Un combat dantesque gravé dans la mémoire des joueurs
13 ans plus tard, l'affrontement final contre Armstrong reste une masterclass absolue de game design. Le gameplay atteint ici un sommet de nervosité : le joueur doit exploiter la mécanique du Zandatsu avec une précision chirurgicale. Le boss balance des hélicoptères à bras le corps, déchaîne des vagues de magma et parie sur une brutalité sans nom. La difficulté relevée force à se dépasser, transformant le combat en un duel viscéral où le moindre faux pas se paye cash. C'est gratifiant, frénétique, et techniquement irréprochable.
Côté bande-son, le morceau It Has To Be This Way élève cet affrontement au rang de chef-d'œuvre mémorable. L'OST ne se contente pas de dynamiser l'action : elle raconte la tragédie du combat entre deux hommes aux convictions inébranlables. Encore aujourd'hui, écouter ce morceau suffit à recréer en moi l'électricité de cet affrontement dantesque. L'osmose entre le rythme du jeu et la puissance sonore crée une expérience sensorielle rare que très peu de jeux ont réussi à égaler depuis lors.

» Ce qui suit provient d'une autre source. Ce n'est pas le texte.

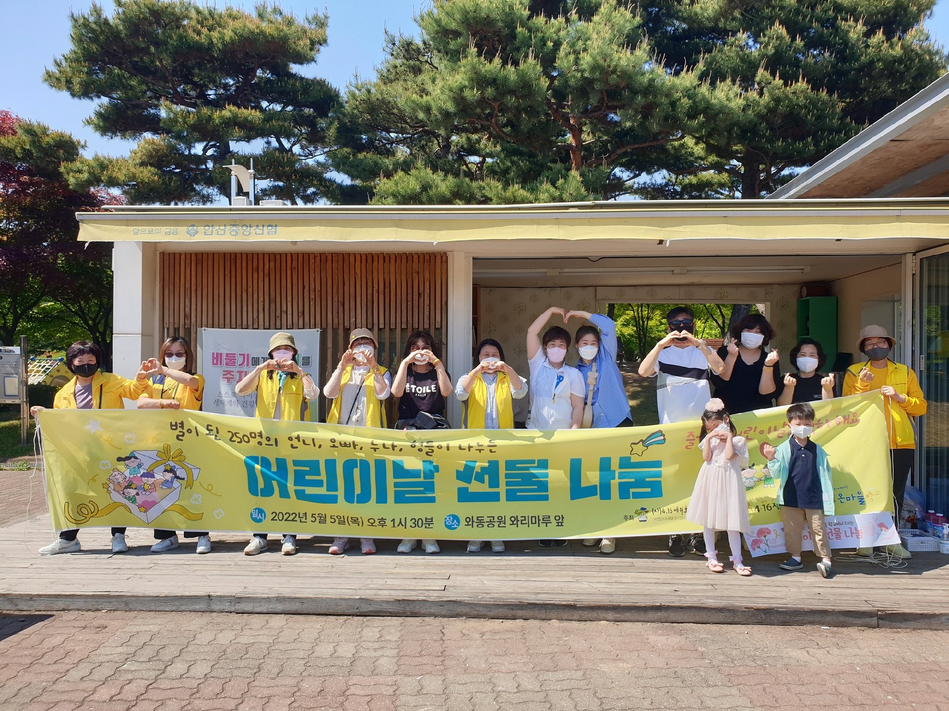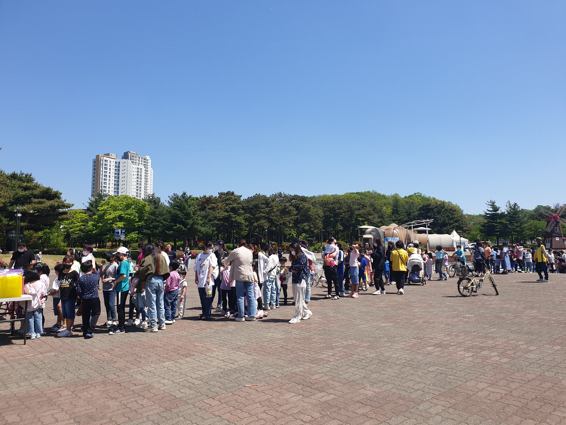 어느 때보다 화창했던 어린이날, 안산 와동 체육공원에 많은 아이들이 모였습니다. 선물 나눔을 시작하기 전부터 아이들이 모여들어 설레는 표정으로 자발적으로 줄을 섰습니다.

Mais ce qui consacre définitivement Armstrong, c'est la profondeur de sa relation avec Raiden. Les deux hommes sont les deux faces d'une même pièce : des guerriers façonnés par la violence, cherchant à imposer leur vision de la liberté. Armstrong ne cherche pas seulement à battre Raiden, il veut le convaincre, et d'une certaine manière, il y parvient. Cette dynamique de respect mutuel au milieu d'un déchaînement de violence donne un poids thématique incroyable à l'issue du jeu, trop souvent oublié par la communauté.